Preparing the spices is what I enjoy most in sausage making. Maybe because it is a pretty smelly process and I get to use one of my favorite tools in the kitchen – the granite mortar and pestle. This is what goes into the mix:
Next, I poured the mix over the cubed meat (70% butt and 30% pork belly), roughly mixing it throughout, then laid it out on a aluminum tray, covered with plastic wrap, then in the freeze it went for about 45 minutes:
Then passed it through the chilled hand-cranked meat grinder, using the .25″ diameter holes plate:
Next I had the F-LC culture going by dissolving it in distilled water at room temperature. This culture is traditionally used in fermented and air dried sausages or salamis. The culture has a bio protective property controlling and keeping harmful Listeria monocytogenes at safe levels by producing certain antibiotics like bavaricin and pediocin. The F-LC culture will produce acidification at lower incubation temperatures (<75º F) with a flavor traditionally found in European style cured meats (slower fermentation):
Next phase was the stuffing of the 60 mm diameter Collagen casing soaked in warm water for about 30 minutes. Didn’t take any pictures since my hands were meaty and I didn’t want to touch anything else, specially my trusty Canon D40! It was a cumbersome process since I had to do this by hand as I don’t YET have a nice sausage stuffer like this one. But one day, I’m telling you… I had to pack the meat very tight and try to eliminate EVERY air pocket to have a nice even texture in the end. Air pockets are perfect environments for spoilage and oxidation. I kept adding meatballs in the casing then squeezing and pricking every air bubble. Not fun, but in the end my hard labor was rewarded and I had a nicely packed firm salami (it was very bouncy too):
Following, I measured each salami’s initial weight to compare with the final weight and calculate the water loss over the drying period. A well dried salami will loose something around 35-40% of its water in about 2 months if kept in the right environment:
I sprayed them with the Bactoferm 600 mold (aka M-EK-4 mold) that will give the traditional creamy white surface appearance you find on store bought salamis. It is basically a culture containing Penicillium nalgiovense that will help controlling the casing’s surface flora by suppressing the colonization of yeasts, other organisms and bacteria. I dissolved the mold powder in room temperature distilled water (30 g) and let it bloom for a couple of hours. I added this to approximately 300 g distilled water and sprayed the salamis before they went into the fermentation box.

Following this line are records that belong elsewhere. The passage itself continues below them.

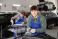 Owoce - Positive young man in comfortable green hoodie and blue overalls working in auto body repair... #1877022572
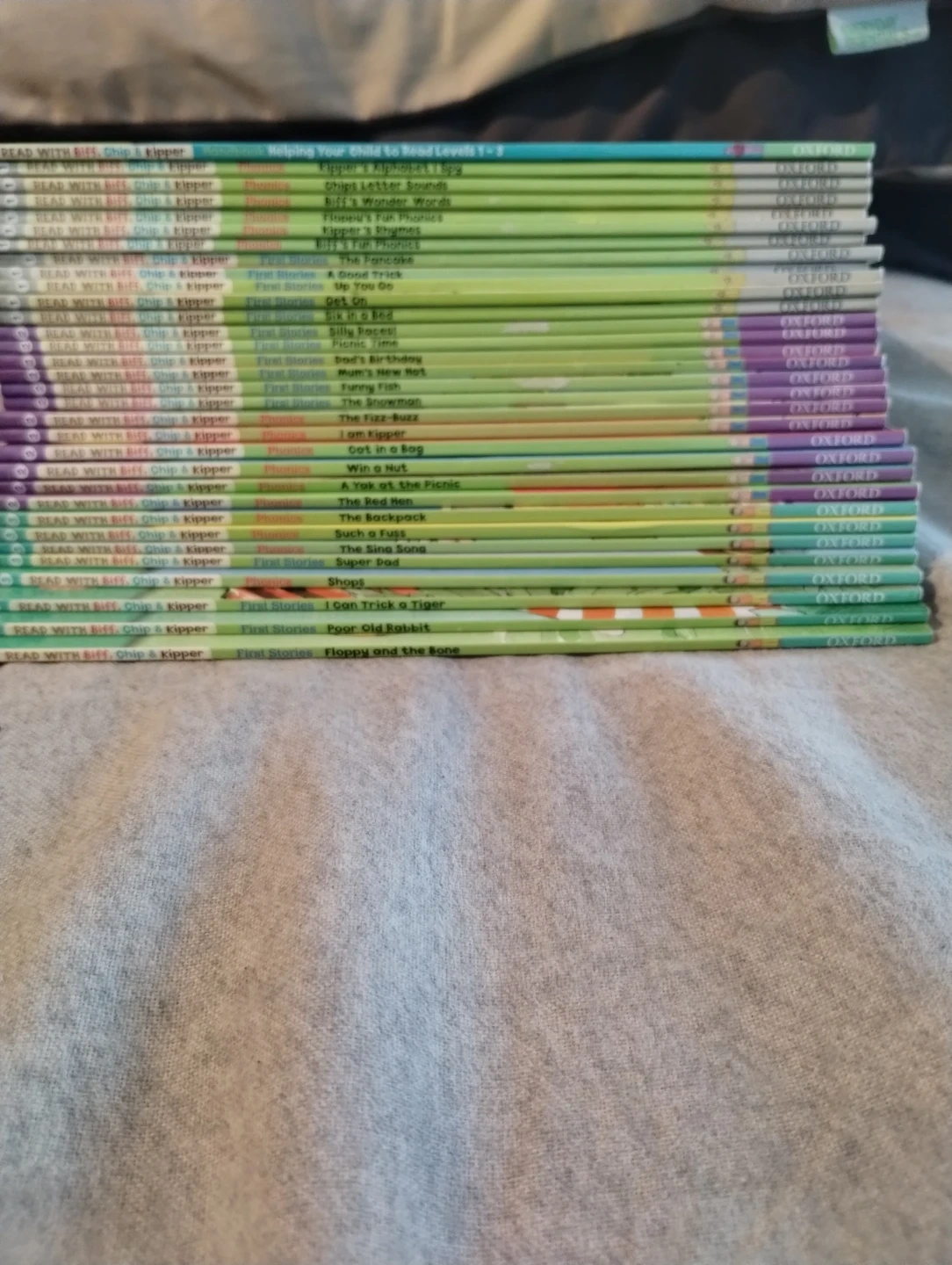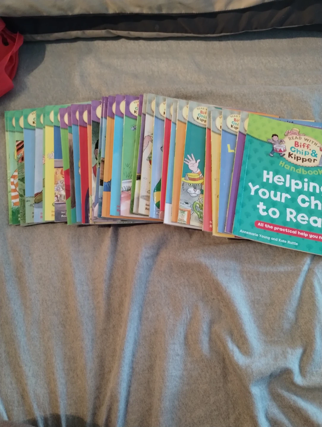 A collection of "Read with Biff, Chip & Kipper" books, including a handbook and various levels. These books are great for helping children develop their reading skills. Includes titles like "Kipper's Alphabet I Spy" and "Floppy's Fun Phonics".
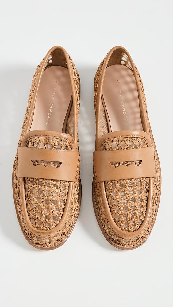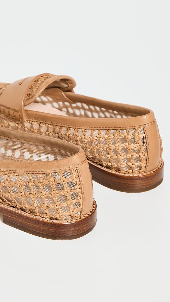 Penny loafer in natural crochet raffia. Features a padded leather footbed with gold stamped logo, a round toe, and a slip-on design. 0.75-inch heel.

Here, they spent a cozy 72 hour stay at a 72°F and 80% RH (humidity) until they started forming a nice layer of mold on the surface. During this time I sprayed them twice more to encourage the mold forming:
Here is a close-up of the mold after the 72 hours and right before they went into the curing chamber:
And here, they emerge gloriously after spending about 2-1/2 months in the curing chamber at 55°F and 70% RH having lost about 40% of their water:
I was VERY happy about the result! My Salame di Brianza had a very nice fat distribution, pink-ish color and packed, firm texture. I only had one air pocket in one of them (no spoilage whatsoever):
The taste was sublime, to say the least – porky, with a slight peppery and garlicky overtone. It made wicked antipasti and sandwiches:
This recipe will definitely be repeated once I clear my curing chamber of the existent Gyulai (smoked Hungarian sausage) and the Spanish Chorizo that’s nicely drying in there.